DAY 4: Waiting for God alone.
Silence is uncomfortable for most of us. On a train or airplane, when things get quiet, we get fidgety. We tend to fill the space with digital noise—by glancing down at our phones or devices to add more stimuli to the moment. But these distractions can keep us from acknowledging the ache deep inside our hearts, the longing for something beyond, the hunger for more.
It isn’t until we sit in silence that we become aware of our deepest need. When Jacob sent his possessions and the members of his household away across the river and was left alone, he wrestled with God until dawn broke. In the wrestling, he came face to face with his own nature, admitting for the first time that his name was ‘Jacob’—the one who grasps. It was also in the wrestling that he came face to face with God, and God renamed him. But it was the silence and the solitude that made it possible.
When we leave ourselves alone, we are able to be honest—truly honest—about our brokenness. We can name our fears and our faults, our longings and our loves. And we can allow God to reshape them, to heal them, to bring them under His blessing.
Will you give yourself some space today? Will you allow the Spirit of God to bring to the surface the things you are ashamed of? Not so He can add to your shame, but so that He can give you a new name.
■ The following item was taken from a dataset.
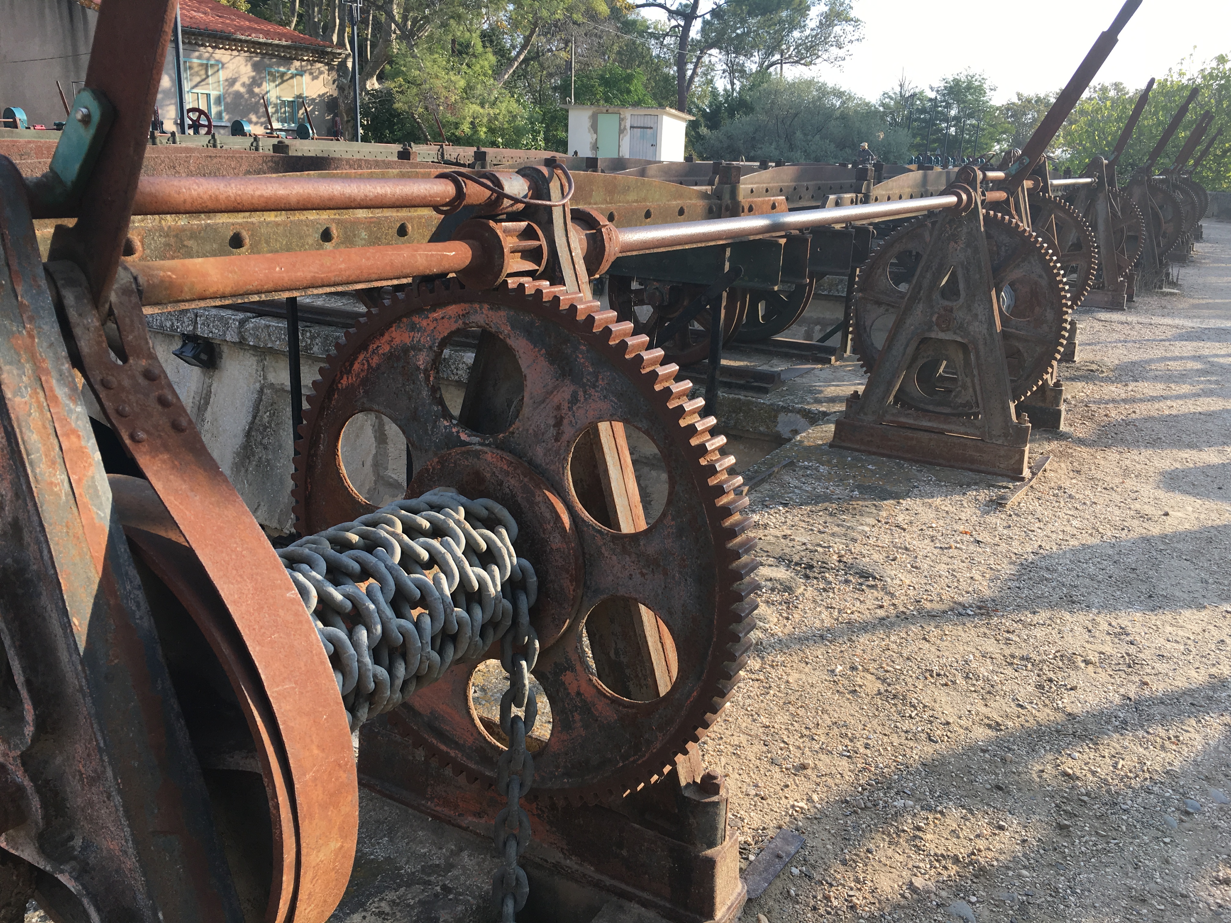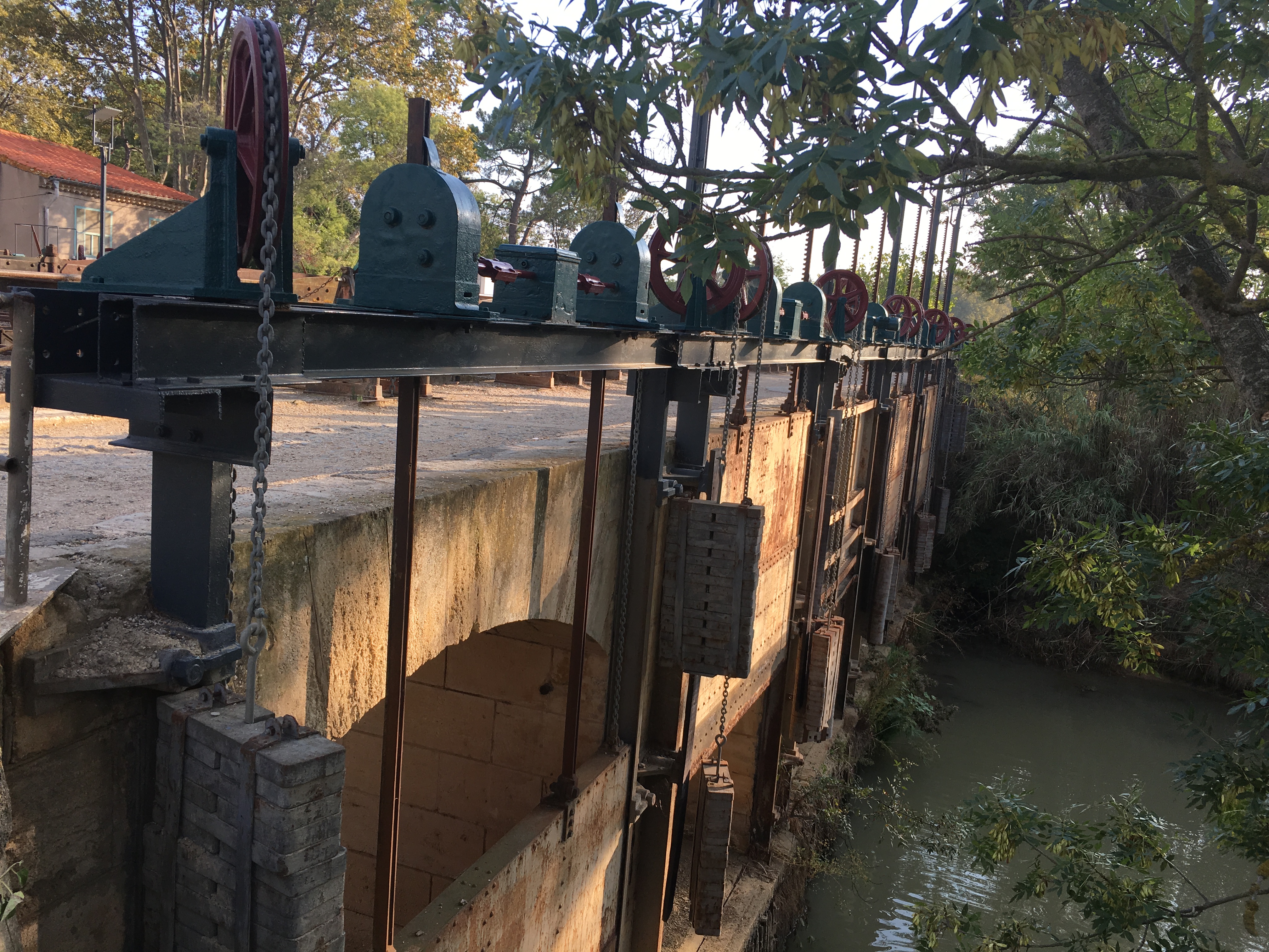 Nous descendons de nos vélos pour traverser les ouvrages du Libron. Ces ouvrages sur le Canal étaient destinés à en éviter l’ensablement et permettre de continuer la navigation y compris en période de drue du Libron. L’ouvrage comptent de nombreux mécanismes métalliques imposants.

You see, when we wait for God alone, and when we wait alone for God, we will find Him. And He is a fortress than cannot be shaken.
We are, as C. S. Lewis once wrote, ‘too easily pleased.’ We settle for false securities, for a cheap refuge in the busyness and noise of life. We cling to temporary attachments and passing pleasures. But if we would ‘send it all across the river,’ and find ourselves alone, then we can wait.
And when we wait, we will find our salvation in God alone.
Take a moment. Be still. Wait upon the Lord.